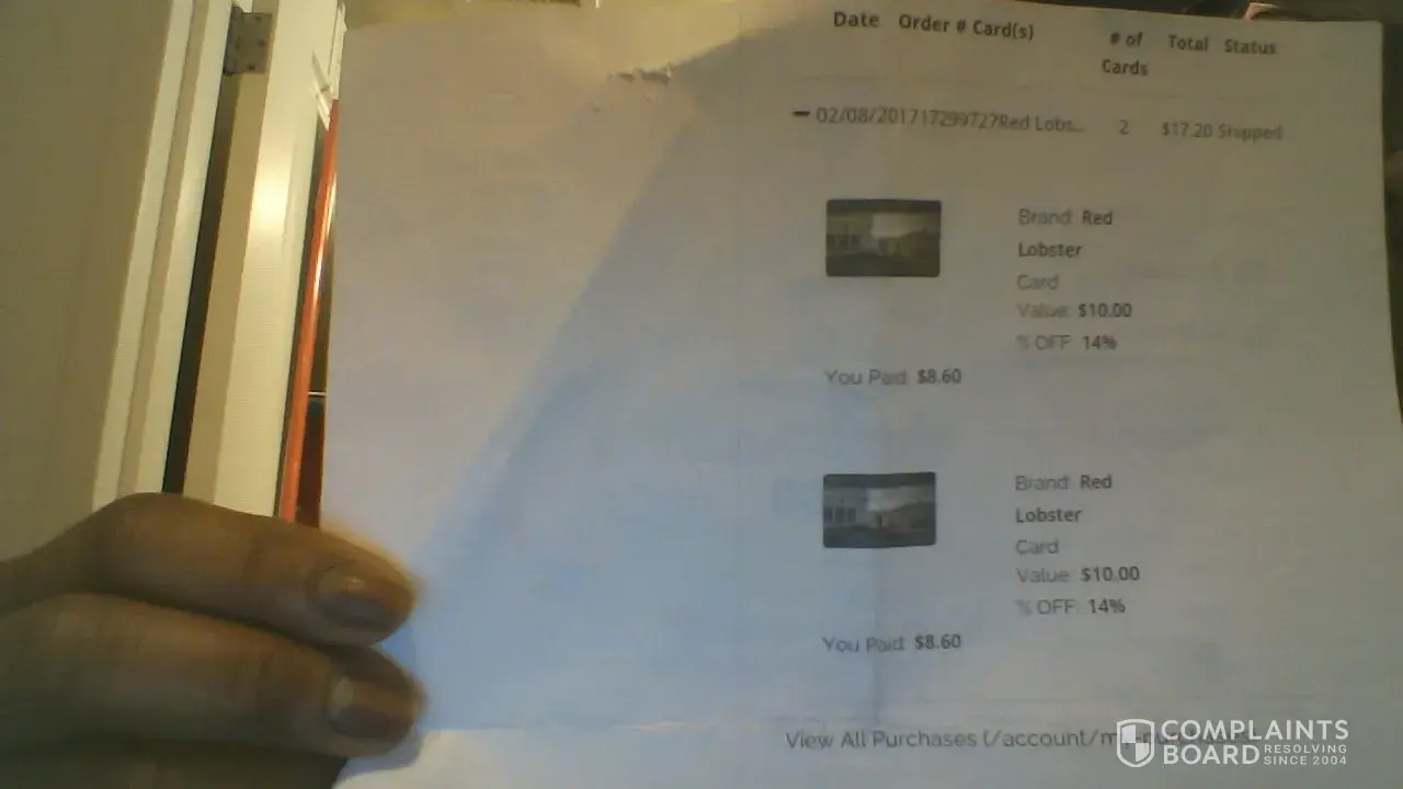 On February 8, 2017, I bought two Red Lobster cards and gave them as a gift. Spoke to one of the person(s) recently and was told she did not use it because she thought they were BOGUS. The total cost was $17.20. My request is that you please look up the cards and resend them to me so I may use them.
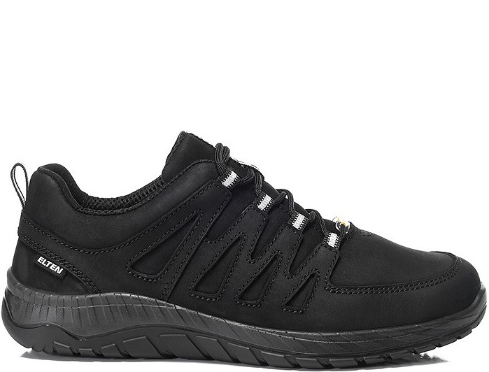 The MADDOX black leather Low ESD O2 is the sporty and stylish version of the popular MADDOX series. The upper material of the work shoe is made of hydrophobic nubuck leather - this repels liquids and is extremely resistant. It also gives the all-black shoe an elegant and cool look. Wearing comfort is also a top priority for the MADDOX black leather Low ESD O2. In the sole core of the innovative and slip-resistant MAXXIMO outsole, the high-tech material Infinergy® from BASF provides excellent cushioning by absorbing the energy expended during walking and returning a large part of it to the wearer. Joints and tendons are permanently protected. In addition, the breathable textile lining guarantees a pleasant foot climate and thanks to the equipment without a toe cap, the work shoe is as light as a sneaker. The ESD-capable shoe of the ELTEN WELLMAXX series is available in sizes 36 to 49.
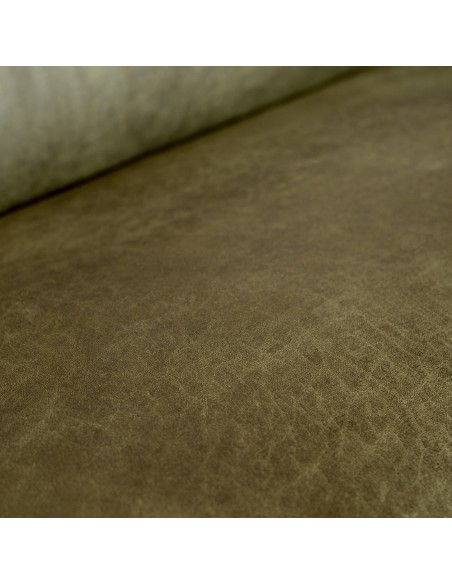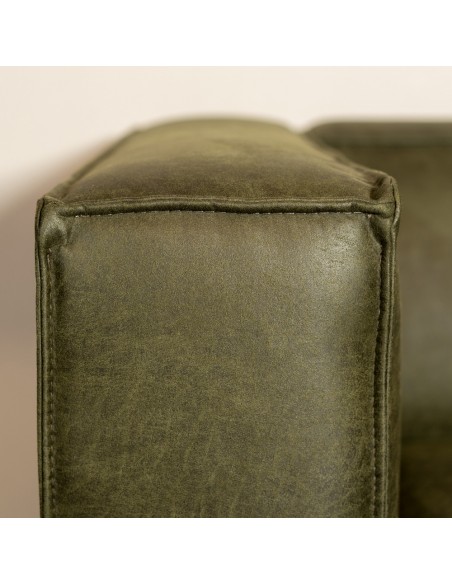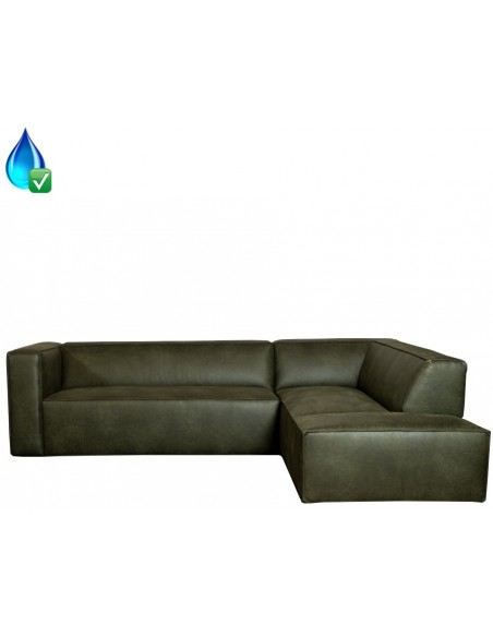 Moderne hjørnesofa med chaiselong, udført i et lækkert design af økolæder (70% læder/30% polyester) i vintage armygrøn. Sofaen måler 260 x 200 cm. Sofaen er polstret med højkvalitets skum og er vandafvisende.

BRIEF:
Write the listing out exactly, apart from its pictures.

EXERCISE RESULT:
 On February 8, 2017, I bought two Red Lobster cards and gave them as a gift. Spoke to one of the person(s) recently and was told she did not use it because she thought they were BOGUS. The total cost was $17.20. My request is that you please look up the cards and resend them to me so I may use them.
 The MADDOX black leather Low ESD O2 is the sporty and stylish version of the popular MADDOX series. The upper material of the work shoe is made of hydrophobic nubuck leather - this repels liquids and is extremely resistant. It also gives the all-black shoe an elegant and cool look. Wearing comfort is also a top priority for the MADDOX black leather Low ESD O2. In the sole core of the innovative and slip-resistant MAXXIMO outsole, the high-tech material Infinergy® from BASF provides excellent cushioning by absorbing the energy expended during walking and returning a large part of it to the wearer. Joints and tendons are permanently protected. In addition, the breathable textile lining guarantees a pleasant foot climate and thanks to the equipment without a toe cap, the work shoe is as light as a sneaker. The ESD-capable shoe of the ELTEN WELLMAXX series is available in sizes 36 to 49.
 Moderne hjørnesofa med chaiselong, udført i et lækkert design af økolæder (70% læder/30% polyester) i vintage armygrøn. Sofaen måler 260 x 200 cm. Sofaen er polstret med højkvalitets skum og er vandafvisende.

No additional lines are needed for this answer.